カップヌードルについて昨日に引き続き書きます。中華料理店症候群てご存知ですか。カップヌードルを最初に口にしたとき、調味料の味のきつさが口に合わなかったと書きました。その後、しばらくカップヌードルを口にしませんでしたが、それは「口に合わなかった」理由が調味料にあると考えました。



当時の代表的な化学調味料であるグルタミン酸を原材料とする「味の素」が、石油で作られていると言われたことがありました。

旨み成分のグルタミン酸ナトリウムは石油で作るから、インスタントラーメンは石油汁を食べているようなものだ、などという酷評も一部にはあり、「インスタントラーメンは体に悪い」というイメージからも積極的に摂取したいとは思わなかったのです。

その問題がクリアにならないまま、時間がたち、なしくずしにカップヌードルを食べてしまった私ですが、この際、その件もはっきりさせようと思い、味の素本社に尋ねました。

味の素は神奈川県川崎市川崎区に本社工場があります。

工場前の京急大師線駅「鈴木町」は、創業者の名前をとったもので、工場は隣の駅の川崎大師まで続いています。

余談ですが、同社では定期的に工場見学を受け付けています。
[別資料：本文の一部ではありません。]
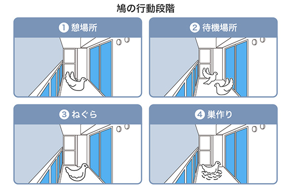鳩はいきなり巣を作るのではなく、段階的に場所を確認します。最初は休憩場所として利用し、安全と判断すると待機場所、ねぐらとして使用するようになり、最終的に巣作りをします。
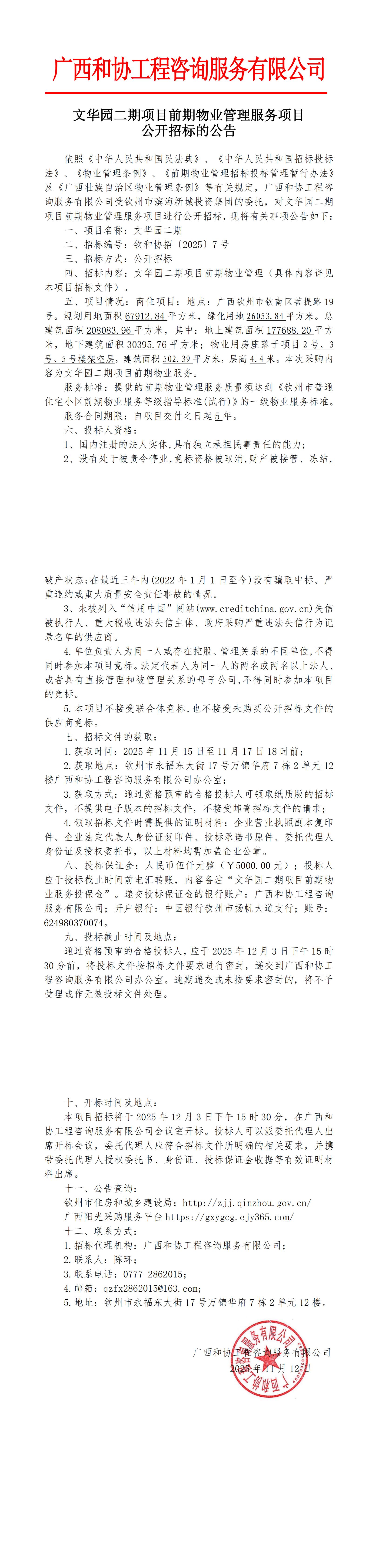 文華園二期項(xiàng)目前期物業(yè)管理服務(wù)項(xiàng)目公開招標(biāo)的公告

参加すると見学のほか、「Cook Do」(クックドゥ)など同社商品がもらえます。

神奈川は工場見学を実施している会社が多く、そのうち森永製菓、崎陽軒などはいつも予約が一杯なのですが、味の素と、生麦にあるキリン(ビアビレッジ)の工場見学は比較的予約しやすく、私などはキリンのツアー(見学をこういいます)を10回以上行っているリピーターです。でもいつも車で行くので、ビールを飲めたのは1回だけなのですが……。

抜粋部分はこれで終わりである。